Sperry’s guidebook, which weighs in at a meaty 334 full-color pages, focuses on a large swath of northern Colorado. It documents the proper way to backcountry ski and snowboard 65 peaks and zones and 102 routes, illustrated in more than 400 color photos and maps.

“There’s … more routes in the Tenmile (Range). We’ve covered pretty much most of it, though it wasn’t enough to do a full second volume,” Sperry said earlier in the week. “There’s new lines in the Tenmile Canyon zone. We go into Peak 1 very detailed. We covered a little bit of stuff in the Gore (Range). There were a lot of shenanigans on Buffalo Mountain last year, so we’ve now detailed six routes up Buffalo Mountain.”

The evolving backcountry skiing situation on Buffalo Mountain, Sperry said, illustrates a big reason why he wanted to publish this new edition.

He said the exploding popularity of backcountry ski touring in recent years has led to dangerous situations, searches and rescues on popular lines like Buffalo Mountain’s iconic Silver Couloir. The Silver Couloir was included in the book “Fifty Classic Ski Descents of North America,” by Chris Davenport, Art Burrows and Penn Newhard. Sperry said when you combine the popularity of that book with the exponentially increasing popularity of backcountry skiing, it’s resulted in many more skiers and snowboarders attempting the line.

Considering the dangerous continental snowpack and prime avalanche terrain leading up to Silver Couloir — and within the couloir itself — Sperry said if skiers are dead-set on skiing that one line, it could lead to danger on inclement days, especially earlier in winter. As a result he’s explained how to ski the six Buffalo lines section by section.

“Having options is one of the big elements to success in the backcountry,” Sperry said.

In the latest edition of the book, Sperry details most every mountain in this way, with a fine-tooth comb that includes a difficulty rating, when the sun hits the slope, what trailhead to access, the distance round-trip, the aspect of the slope, the amount of vertical feet of skiing and what season is best to ski the line.

“I skied it four times last year, and each time I skied it, there was a rescue in progress,” Sperry said about Silver Couloir. “It’s kind of disconcerting coming back and seeing the sheriff every time there. It’s very easy to get lost going out on that route, and it’s a different game getting lost in the winter when light may be fading.”

As for the Tenmile-Mosquito Range, Sperry said the new edition of the book focuses on some teasers from the previous editions that he never fully completed. That includes getting heavy into the details of skiing the treacherous western Tenmile Canyon side of iconic Summit County peaks such as Peak 1 and Mount Victoria.
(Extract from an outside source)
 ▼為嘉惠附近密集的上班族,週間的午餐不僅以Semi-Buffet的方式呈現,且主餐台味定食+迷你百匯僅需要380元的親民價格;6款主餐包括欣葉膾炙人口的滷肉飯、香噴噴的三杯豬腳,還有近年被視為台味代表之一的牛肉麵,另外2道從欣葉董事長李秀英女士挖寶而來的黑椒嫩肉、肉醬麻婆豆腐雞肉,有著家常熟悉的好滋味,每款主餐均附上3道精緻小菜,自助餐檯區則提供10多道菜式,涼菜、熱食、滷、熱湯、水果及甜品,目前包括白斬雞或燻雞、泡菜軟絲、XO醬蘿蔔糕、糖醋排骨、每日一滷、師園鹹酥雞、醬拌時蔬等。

“This beautiful place will always hold my heart,” Sperry writes about the Tenmile-Mosquito Range in the book. “It challenges me and satiates my powder fever. Tenmile Canyon is covered intensively, but I didn’t get it all, the journey of discovery is never ending.”
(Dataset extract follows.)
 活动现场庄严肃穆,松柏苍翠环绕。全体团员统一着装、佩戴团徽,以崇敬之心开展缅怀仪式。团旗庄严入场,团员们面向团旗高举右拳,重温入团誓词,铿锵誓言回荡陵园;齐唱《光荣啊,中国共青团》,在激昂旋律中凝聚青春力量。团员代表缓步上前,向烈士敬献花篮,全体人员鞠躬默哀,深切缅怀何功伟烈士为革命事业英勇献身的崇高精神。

Sperry’s update to skiing in the Tenmile-Mosquito Range details for the first time extremely expert lines on the western slope, such as the Coin Slot. Sperry was clear that skiing a line like the Coin Slot is much more ski mountaineering and less backcountry touring. In order to ski these lines as safely as possible, skiers must have disciplined patience and attention to detail before even venturing out to see if it’s ideal conditions to attempt the lines. And, once there, the expert lines in Sperry’s book require dialed-in winter mountaineering and climbing skills in order to ski the line section by section, assessing snow and avalanche danger with each slight undulation in the terrain.

“This is mountaineering managed from the top down, assessed on a sectional level of the route,” Sperry said. “It’s about making sure all of the spacial variability is accounted for with the attention and willingness to back off and ski something mellow on the east side.”

Last winter’s historic March avalanche cycle led to the ripping out of trees and flora along a path on the eastern slope of Peak 1 that hadn’t slid that big in nearly a century. Depending on who you ask, the new slide coming down from the shoulder summit of Peak 1 is Black Thursday or Silent Bob. Sperry refers to the slide by both names as he details the proper way to ski this 6.1-mile roundtrip, 3,400-feet-of-vertical line.

“I’m including both names here because people are using both names,” Sperry writes in the book. “The point of using names is to ease communication and understanding. With lines in the mountains, knowing where you are, if the s— hits the fan, is imperative when affecting a potential rescue.”

In the new edition, Sperry also writes deeper on backcountry touring and ski mountaineering in the Gore Range. That includes a chronicling of a point-to-point ski tour from the Meadow Creek trailhead in Frisco to East Vail.

Wherever his book takes you, Sperry is adamant that the most important element of backcountry skiing is checking your ego at the door. From moment to moment, snow and avalanche conditions in the backcountry change. As such, he says American Institute for Avalanche Research Level 1 and 2 courses are a must before attempting anything in his book.

Even if a more expansive forecast is telling you the terrain in a general area is stable, Sperry warns you must home in on specific sectional observations in that exact moment.

“There is no ‘safe,’” Sperry said. “You’re in the backcountry. Never assume anything.”